__What needs to be done__.
Among the entries below, retype exactly the lines starting with the one with "Die zahlreichen UWV-Kinder" and going on through the one with "Glaçure complètement altérée", but not the pictures.
==== Raw data
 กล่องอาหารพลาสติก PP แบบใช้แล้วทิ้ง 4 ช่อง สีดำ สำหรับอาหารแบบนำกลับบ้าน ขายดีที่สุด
========
==== Raw data
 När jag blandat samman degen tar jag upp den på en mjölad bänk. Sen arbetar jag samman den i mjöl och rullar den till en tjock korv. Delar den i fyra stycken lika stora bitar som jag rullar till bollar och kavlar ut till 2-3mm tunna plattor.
========
==== Raw data
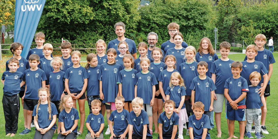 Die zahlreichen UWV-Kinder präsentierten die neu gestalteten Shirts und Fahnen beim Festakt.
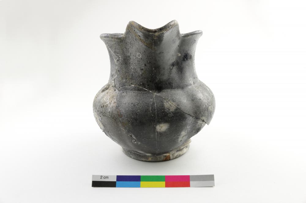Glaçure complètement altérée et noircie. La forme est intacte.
========
__Completed task__.
 Die zahlreichen UWV-Kinder präsentierten die neu gestalteten Shirts und Fahnen beim Festakt.
Glaçure complètement altérée et noircie. La forme est intacte.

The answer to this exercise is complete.